Slides: https://docs.google.com/presentation/d/1S8Gxx0xjEaQRubOQvBBGP37fqVWtys0t/edit?usp=sharing&ouid=108999209131560878693&rtpof=true&sd=true

Jeremy Silva [00:00:10]: Hello, everyone. My name is Jeremy. I'm an AI engineer at Freeplay. Freeplay is a product that helps product teams ship better LLM features. We give them the power to experiment, test, monitor, and deploy their LLM features. Hence the name of this talk, building a product optimization loop for your LLM features. So I want to start with a little just background on myself and how that kind of informs my view of this space. I think we're all collectively trying to figure out what AI engineering really means, and my career path is kind of a manifestation of that.
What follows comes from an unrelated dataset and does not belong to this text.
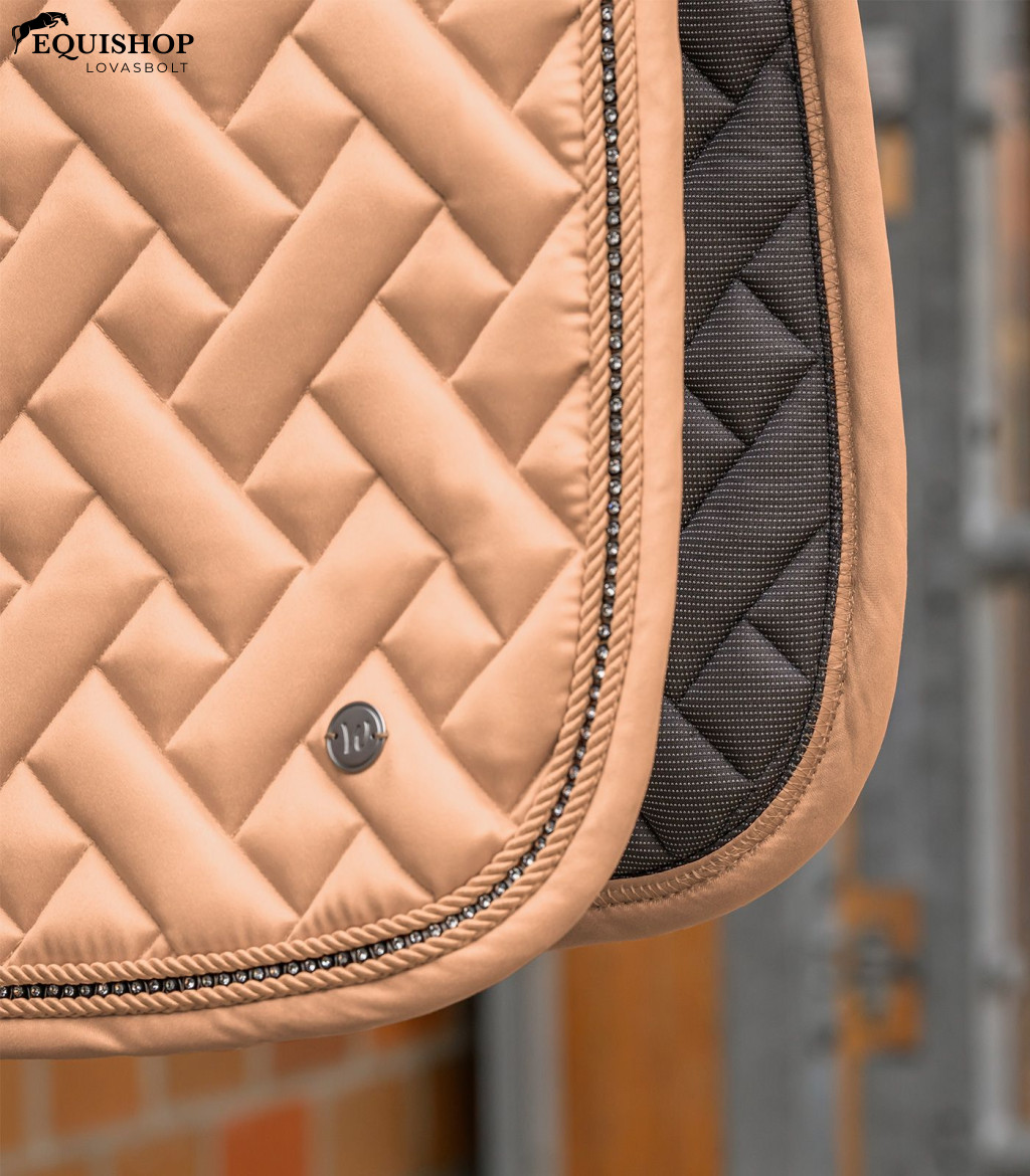 Ez az elegáns nyeregalátét kiváló minőségű, fényes (glossy) anyagból készült, belső oldala hűsítő hatású bambusz és poliészter fonalból készült mesh béléssel biztosítja az optimális nedvességszabályozást. A légáteresztő bambusz bélés antibakteriális és különösen bőrbarát. A két díszzsinór között futó csillogó strassz szalag, valamint az ezüst fém logólemez teszi teljessé a megjelenést. A három rögzítési ponttal ellátott hevederhurok biztos tartást garantál.

Jeremy Silva [00:00:42]: I started out as a data scientist, building custom NLP models in the medical field, then moved into machine learning engineering, building out model scaling pipelines, and now I'm an AI engineer helping kind of productize AI features. And so I've seen, like, the LLM, the development lifecycle in all those different areas. And so I've kind of felt how the LLM development lifecycle is, like, on one hand, kind of an amalgamation of all those things, and on another, you know, kind of an entirely new development cycle that product teams are still trying to, like, find their footing in. And so that's what I want to talk about today and kind of help people find that their footing. So let's start out with why a product optimization loop? Data science software engineering like these have always been iterative endeavors, but LLM development, like, really cranks that up a few notches. Due to stochasticity of the underlying models and the breadth and dynamic nature of the resulting customer facing uxs, your product quality becomes purely a function of your ability to iterate and experiment quickly and having a platform that supports that. And so this is what we call product optimization loop. And so there's three broad stages, monitoring, experimentation, and testing and deployment.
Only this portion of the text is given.